No paint was apparently saved in the renaming process as the new name was freshly inscribed above the original, as I noted this morning. The old name was painted over with one thin coat of black.

The raised letters of the former name are welded to the hull and will take some effort to remove. Also with this ship, it will someday be repainted in the owner's very deep blue hull colour, but that is a drydock job. The current black paint is in very good shape, so there is likely no rush.

The Algoberta, 11,799 gt, 18,734 dwt arrived in Halifax October 22 from Imperial Oil's refinery in Nanticoke, ON. Once it had off loaded at Imperial Oil it moved to Pier 9C where it will remain awaiting orders due to the strike of St.Lawrence Seaway workers.

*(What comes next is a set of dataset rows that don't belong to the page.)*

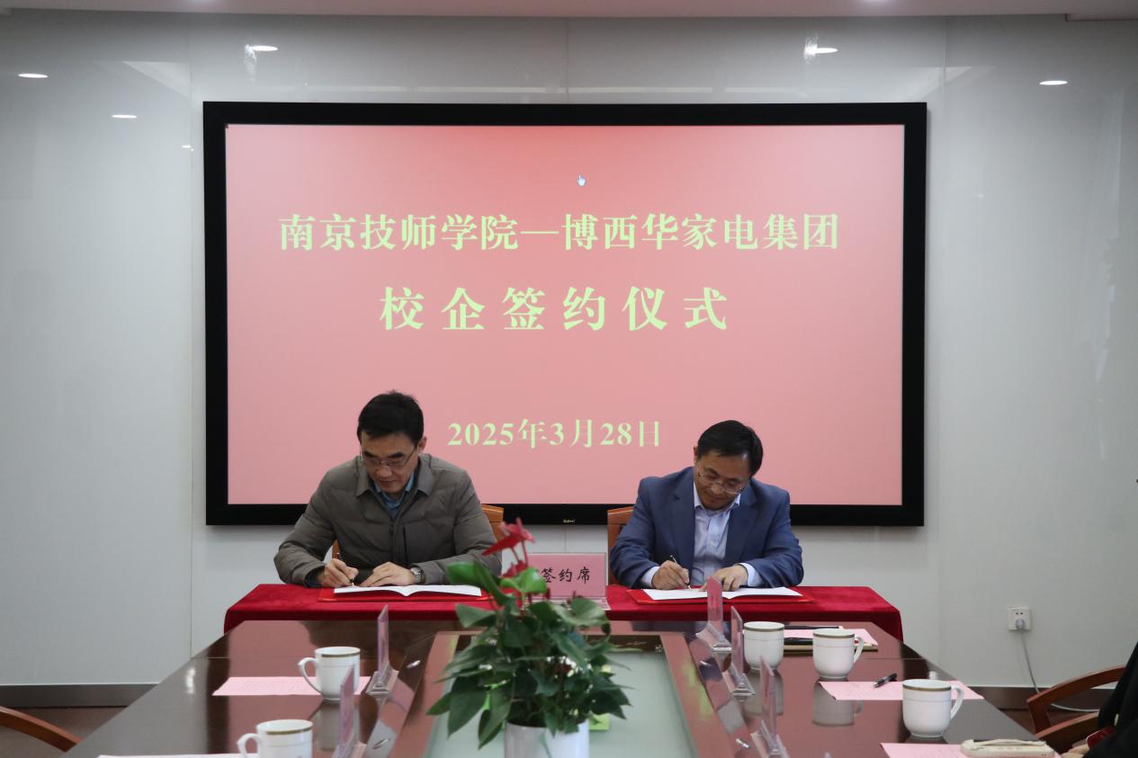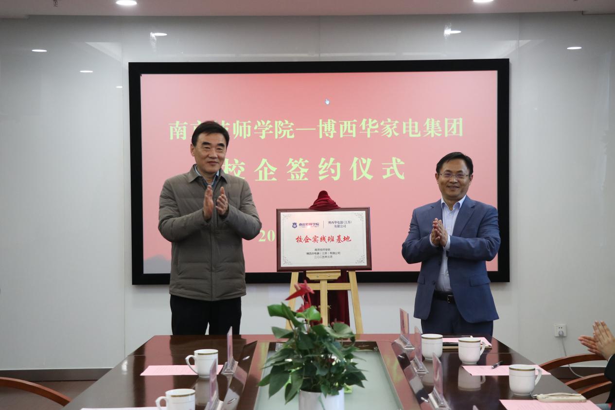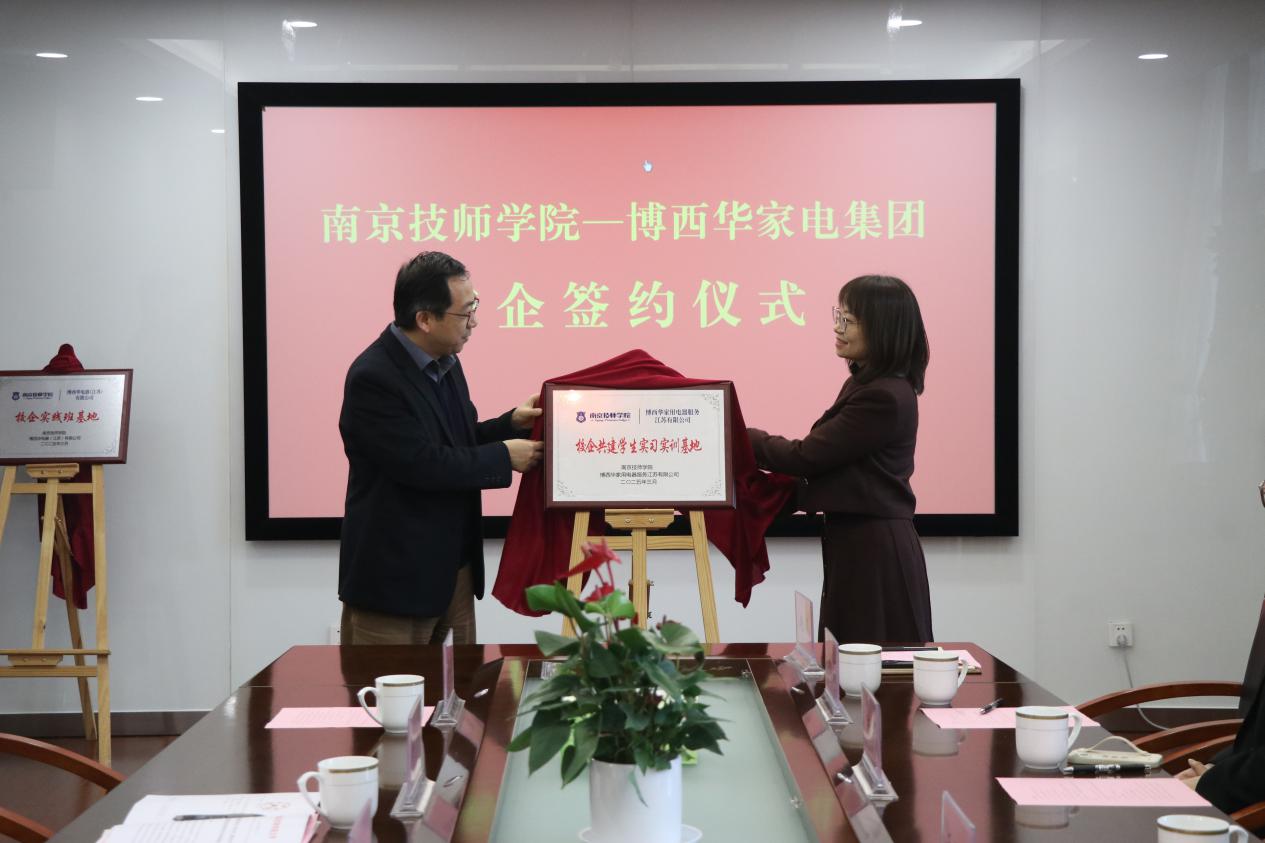 学院院长侯放、副院长赵杰、徐建华及相关部门负责人,博西华电器(江苏)有限公司董事长姚勇、博西家用电器投资(中国)有限公司大中华区人力资源副总裁田晶等8位企业方领导出席了本次签约暨揭牌仪式。会议由副院长赵杰主持。
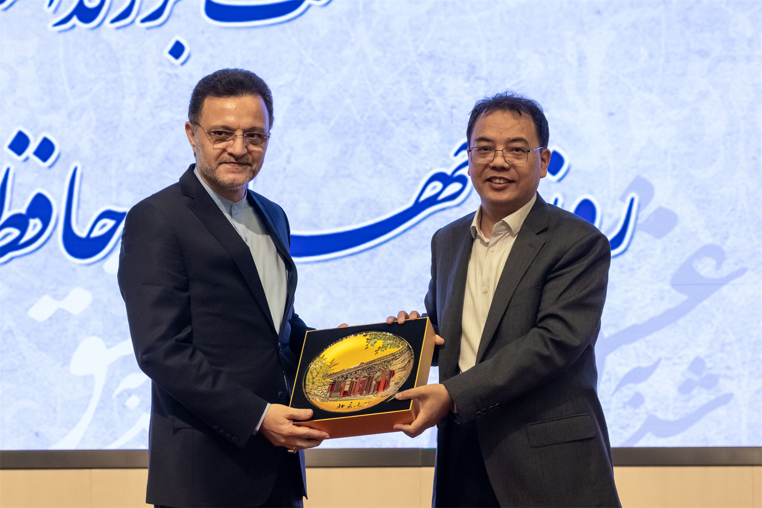 在座谈间隙,波斯语专业的本科生、硕士以及博士研究生朗诵了多首哈菲兹抒情诗,活跃了气氛。同时,中伊双方代表用哈菲兹诗集占卜,共同庆祝哈菲兹纪念日。在活动的最后,陈明院长与巴赫蒂亚尔大使代表宾主双方互赠纪念品,伊朗使馆还向波斯语教研室赠送了一批波斯语书籍。
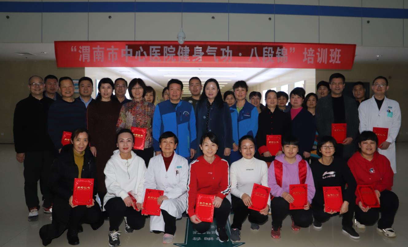 两手托天、左右开弓、摇头摆尾……伴随着优美舒缓的音乐,12月24日下午16时,在乐鱼手机站入口门诊二楼举行了“乐鱼手机站入口健身气功·八段锦”培训班的结业考核。
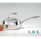 Металлический ковш 1л. Цена 69 латов. Отличительной особенностью внутреннего покрытия является исключительная по качеству нержавеющая сталь. В данном изделии использованы лучшие свойства алюминия: быстрый нагрев и долгое аккумулирование тепла, поэтому процесс закипания происходит быстрее, и блюдо «доходит» до готовности без огня. Такой быстрый процесс приготовления пищи сохраняет все витамины и минералы, а так же экономит время и электроэнергию. Толстые стенки ковша, массивное трехслойное дно и плотно прилегающая крышка делают возможным приготовление пищи с минимальным количеством масла и воды. Литые эргономичные ручки обеспечивают надежный захват. Они не нагреваются при приготовлении пищи, благодаря этому можно снимать Ковш с плиты без прихваток и рукавичек. Прозрачная стеклянная крышка позволяет следить за процессом приготовления не снимая крышки. Ковш имеет мерную шкалу (для отмеривания жидких ингредиентов), нанесенную при помощи лазера, благодаря этому не нужно искать дополнительные мерные емкости, что бы отмерить необходимый объем жидкости. Кроме того, благодаря лазерному методу шкала не сотрется со временем. Благодаря эргономичному дизайну и округлой форме содержимое ковша легко перемешивается ложкой. Благодаря округлой форме Ковша тепло распределяется максимально эффективно, и процесс приготовления пищи схож с томлением в печи. Видео
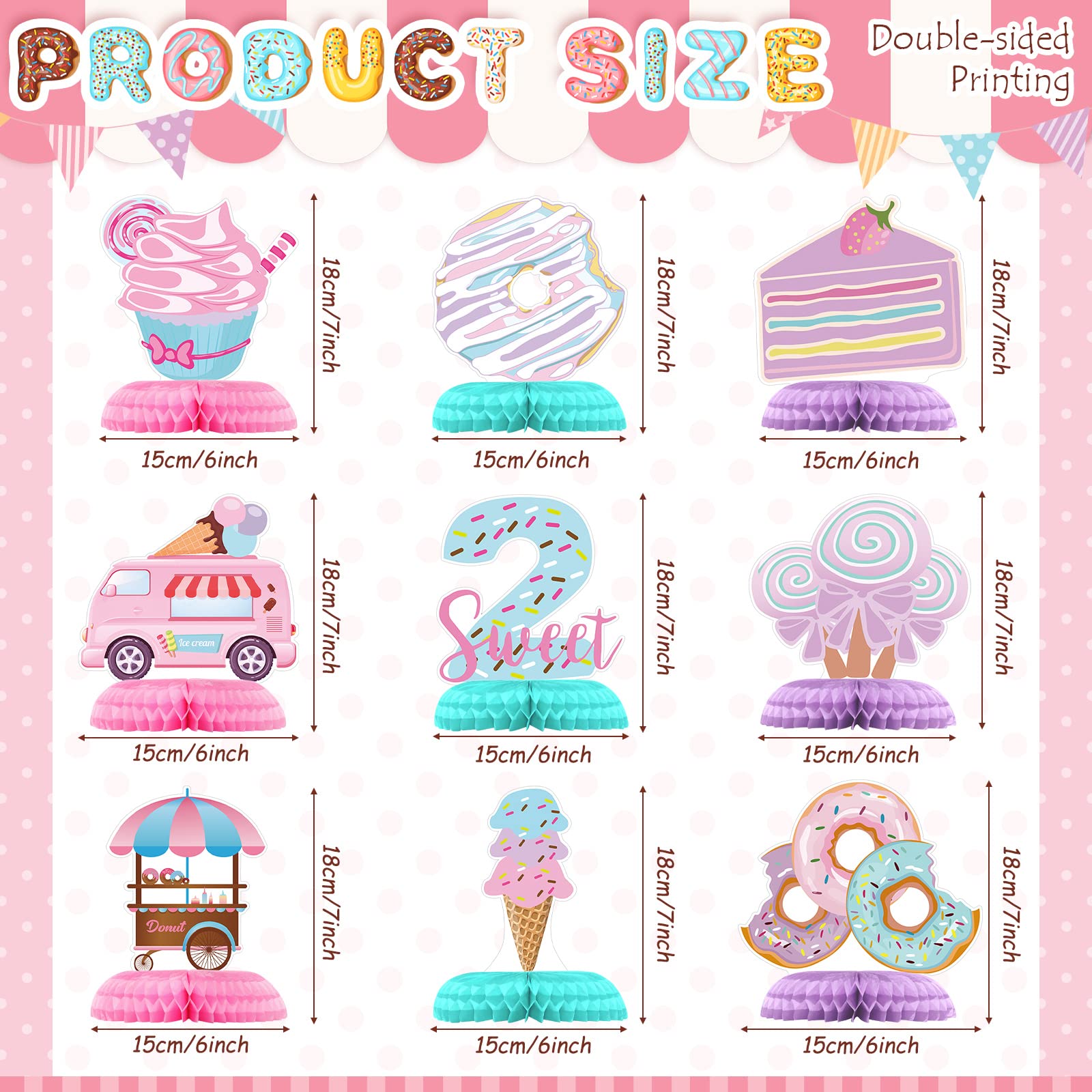 - Q: How many pieces are included in the package? A: The package includes a total of 9 pieces of donut honeycomb centerpieces, each featuring different adorable designs suitable for a two sweet birthday theme.

The ship cannot return to the Great Lakes until the strike is settled, but it may be dispatched elsewhere for cargo if supplies of gasoline or other fuels begin to run low.

The third ship that Algoma acquired is the Birgit Knutsen and it remained under Maltese registry, but came to Canada in August. As of September 1 it began operating under a coasting license between Sarnia, Nanticoke and Montreal, Sorel and eastern Canada ports.  As of October 19 the ship has been idled in Sarnia. Its coasting license lapses on October 31. I am assuming that Algoma's intention was to operate it again internationally before bringing it under Canadian flag, perhaps next year. However with the Seaway strike there may have to be a change in plans.